How Finland's Basic Income Experiment Will Work - nkurz
http://www.fastcoexist.com/3052595/how-finlands-exciting-basic-income-experiment-will-work-and-what-we-can-learn-from-it
======
dang
This story already had a major discussion
([https://news.ycombinator.com/item?id=10688207](https://news.ycombinator.com/item?id=10688207)),
but the current article contains more information about what is actually
planned.

Instead of treating this as a dupe like we normally would, let's try leaving
it up with the request that people discuss the specifics of this experiment,
and perhaps what other sorts of experiments could be run and how one might
evaluate them—and leave the more generic for-and-against basic income stuff to
the other thread.

------
_rpd
I think it's hard for these experiments to yield answers to important
questions about basic income because of the fact that participants know it is
an experiment.

With a 2 year length, people aren't going to adjust their long term plans
regarding the expectation of how much they will have to work. The extra cash
is just a windfall. Reaction to a long term political commitment will be
different - once people trust that the basic income will "always be there."
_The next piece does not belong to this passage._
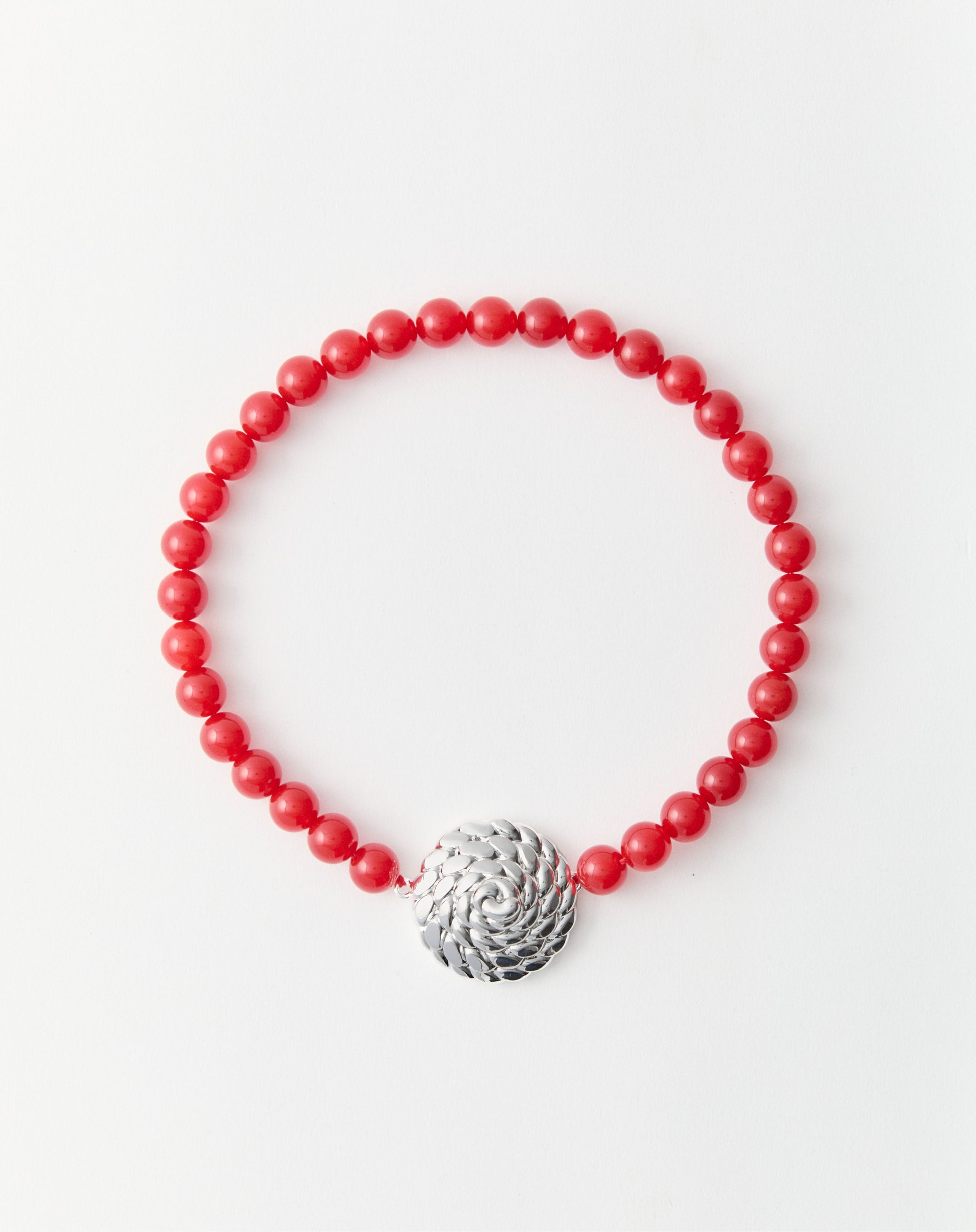 - Material: Rhodium-plated brass and red carnelian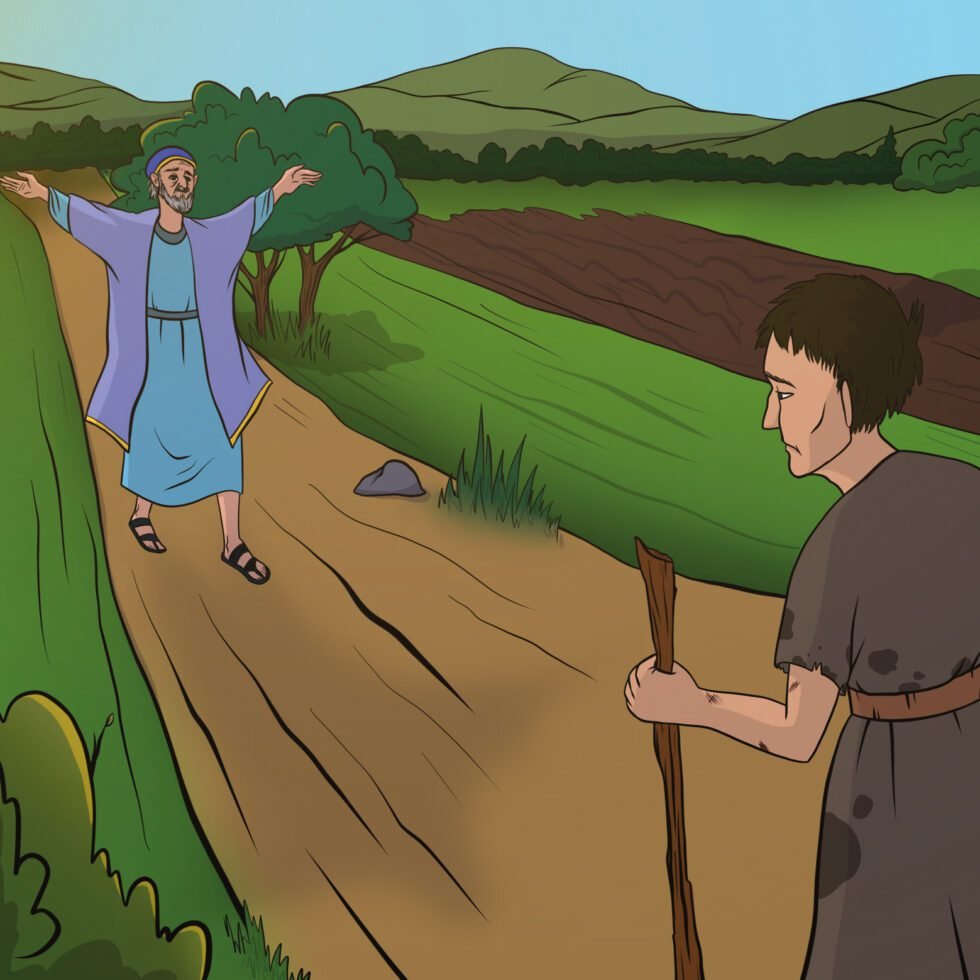 Иисус рассказал книжникам и фарисеям ещё одну притчу: У одного человека было два сына. Однажды младший сын сказал отцу: «Отдай мне часть наследства, которая мне причитается!» Разделив своё имение между двумя сыновьями, отец отдал младшему его часть, и тот, забрав всё, ушёл в далёкую страну. Там он жил так, как хотел, и быстро всё растратил. Когда в той стране начался сильный голод, ему пришлось наняться на работу. Его послали пасти и кормить свиней. А он сам продолжал мучиться от голода и был бы рад есть пищу, которой кормили свиней, но ему не давали и этого. Опомнившись, младший сын подумал: «У моего отца даже слуги едят досыта, а я умираю от голода. Встану, пойду к отцу и скажу ему: «Я очень виноват и уже недостоин быть твоим сыном. Прими меня своим слугой!» Он встал и пошёл к отцу. И, когда он был ещё далеко, отец увидел его, сжалился над ним, побежал ему навстречу, обнял и стал целовать. Младший сын начал говорить: «Отец, я очень виноват и уже недостоин называться твоим сыном…» Но отец тут же приказал слугам: «Оденьте его в лучшую одежду, дайте ему перстень на руку и обувь на ноги! Приготовьте хорошее угощение, будем есть и веселиться: ведь этот сын мой был для меня как умерший, а теперь — ожил. Он был пропавшим, а теперь — нашёлся!»

Similarly, some local landlords and businesses may raise prices to soak up the
extra disposable income, but they know that their actions will be scrutinized
and publicized. Is 2 years of marginal extra profit worth the loss of good
will? Again, I think the answer is different once there is a long term
political commitment.

The answer to this last question is important, because it likely leads to the
basic income being adjusted for price inflation, and then an inflationary
spiral or price controls. To me, this is the central problem with basic income
(I think the "motivation to work" issue is a red herring), and I don't see how
basic income experiments can shed light on it.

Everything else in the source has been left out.